About this task:
Return the entries below in full. Keep every word as it is.

Excerpted data:
◆ ◆ ◆ ◆

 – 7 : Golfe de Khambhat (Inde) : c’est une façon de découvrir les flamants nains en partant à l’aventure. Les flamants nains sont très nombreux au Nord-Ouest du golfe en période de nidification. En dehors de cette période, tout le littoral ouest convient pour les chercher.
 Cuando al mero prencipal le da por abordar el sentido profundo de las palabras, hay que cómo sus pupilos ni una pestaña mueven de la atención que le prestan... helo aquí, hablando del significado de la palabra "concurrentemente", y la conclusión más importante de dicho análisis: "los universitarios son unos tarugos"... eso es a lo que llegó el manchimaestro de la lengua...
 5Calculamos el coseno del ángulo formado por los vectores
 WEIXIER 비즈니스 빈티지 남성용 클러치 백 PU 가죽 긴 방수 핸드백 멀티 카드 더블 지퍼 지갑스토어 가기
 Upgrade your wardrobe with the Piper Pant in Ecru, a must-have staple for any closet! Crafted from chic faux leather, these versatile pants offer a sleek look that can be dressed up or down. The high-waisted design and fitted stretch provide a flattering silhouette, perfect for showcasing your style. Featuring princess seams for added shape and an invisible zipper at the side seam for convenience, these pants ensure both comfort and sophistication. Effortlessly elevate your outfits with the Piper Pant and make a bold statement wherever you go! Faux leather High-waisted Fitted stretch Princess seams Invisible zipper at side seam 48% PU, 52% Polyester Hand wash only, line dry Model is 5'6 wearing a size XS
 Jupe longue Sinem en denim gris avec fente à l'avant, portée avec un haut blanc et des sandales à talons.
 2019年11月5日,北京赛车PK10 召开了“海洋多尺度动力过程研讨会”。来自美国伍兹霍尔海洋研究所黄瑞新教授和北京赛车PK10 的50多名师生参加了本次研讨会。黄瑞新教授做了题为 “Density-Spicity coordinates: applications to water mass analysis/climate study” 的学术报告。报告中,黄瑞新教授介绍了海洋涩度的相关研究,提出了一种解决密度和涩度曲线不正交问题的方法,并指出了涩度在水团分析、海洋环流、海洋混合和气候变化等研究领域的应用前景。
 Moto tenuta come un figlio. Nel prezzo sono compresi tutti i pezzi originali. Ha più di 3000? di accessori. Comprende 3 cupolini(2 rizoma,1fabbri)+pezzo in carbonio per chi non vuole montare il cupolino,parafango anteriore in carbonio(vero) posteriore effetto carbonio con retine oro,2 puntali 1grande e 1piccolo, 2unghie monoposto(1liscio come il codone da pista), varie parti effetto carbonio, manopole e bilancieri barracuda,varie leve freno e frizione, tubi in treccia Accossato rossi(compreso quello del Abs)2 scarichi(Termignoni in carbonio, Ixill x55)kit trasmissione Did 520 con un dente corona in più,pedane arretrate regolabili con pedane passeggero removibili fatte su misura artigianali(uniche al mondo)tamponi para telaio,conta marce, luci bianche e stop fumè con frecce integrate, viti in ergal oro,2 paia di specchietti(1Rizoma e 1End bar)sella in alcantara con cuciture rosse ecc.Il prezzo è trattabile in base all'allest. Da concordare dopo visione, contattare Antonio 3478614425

◆ ◆ ◆ ◆

Output of the exercise:
 – 7 : Golfe de Khambhat (Inde) : c’est une façon de découvrir les flamants nains en partant à l’aventure. Les flamants nains sont très nombreux au Nord-Ouest du golfe en période de nidification. En dehors de cette période, tout le littoral ouest convient pour les chercher.
 Cuando al mero prencipal le da por abordar el sentido profundo de las palabras, hay que cómo sus pupilos ni una pestaña mueven de la atención que le prestan... helo aquí, hablando del significado de la palabra "concurrentemente", y la conclusión más importante de dicho análisis: "los universitarios son unos tarugos"... eso es a lo que llegó el manchimaestro de la lengua...
 5Calculamos el coseno del ángulo formado por los vectores
 WEIXIER 비즈니스 빈티지 남성용 클러치 백 PU 가죽 긴 방수 핸드백 멀티 카드 더블 지퍼 지갑스토어 가기
 Upgrade your wardrobe with the Piper Pant in Ecru, a must-have staple for any closet! Crafted from chic faux leather, these versatile pants offer a sleek look that can be dressed up or down. The high-waisted design and fitted stretch provide a flattering silhouette, perfect for showcasing your style. Featuring princess seams for added shape and an invisible zipper at the side seam for convenience, these pants ensure both comfort and sophistication. Effortlessly elevate your outfits with the Piper Pant and make a bold statement wherever you go! Faux leather High-waisted Fitted stretch Princess seams Invisible zipper at side seam 48% PU, 52% Polyester Hand wash only, line dry Model is 5'6 wearing a size XS
 Jupe longue Sinem en denim gris avec fente à l'avant, portée avec un haut blanc et des sandales à talons.
 2019年11月5日,北京赛车PK10 召开了“海洋多尺度动力过程研讨会”。来自美国伍兹霍尔海洋研究所黄瑞新教授和北京赛车PK10 的50多名师生参加了本次研讨会。黄瑞新教授做了题为 “Density-Spicity coordinates: applications to water mass analysis/climate study” 的学术报告。报告中,黄瑞新教授介绍了海洋涩度的相关研究,提出了一种解决密度和涩度曲线不正交问题的方法,并指出了涩度在水团分析、海洋环流、海洋混合和气候变化等研究领域的应用前景。
 Moto tenuta come un figlio. Nel prezzo sono compresi tutti i pezzi originali. Ha più di 3000? di accessori. Comprende 3 cupolini(2 rizoma,1fabbri)+pezzo in carbonio per chi non vuole montare il cupolino,parafango anteriore in carbonio(vero) posteriore effetto carbonio con retine oro,2 puntali 1grande e 1piccolo, 2unghie monoposto(1liscio come il codone da pista), varie parti effetto carbonio, manopole e bilancieri barracuda,varie leve freno e frizione, tubi in treccia Accossato rossi(compreso quello del Abs)2 scarichi(Termignoni in carbonio, Ixill x55)kit trasmissione Did 520 con un dente corona in più,pedane arretrate regolabili con pedane passeggero removibili fatte su misura artigianali(uniche al mondo)tamponi para telaio,conta marce, luci bianche e stop fumè con frecce integrate, viti in ergal oro,2 paia di specchietti(1Rizoma e 1End bar)sella in alcantara con cuciture rosse ecc.Il prezzo è trattabile in base all'allest. Da concordare dopo visione, contattare Antonio 3478614425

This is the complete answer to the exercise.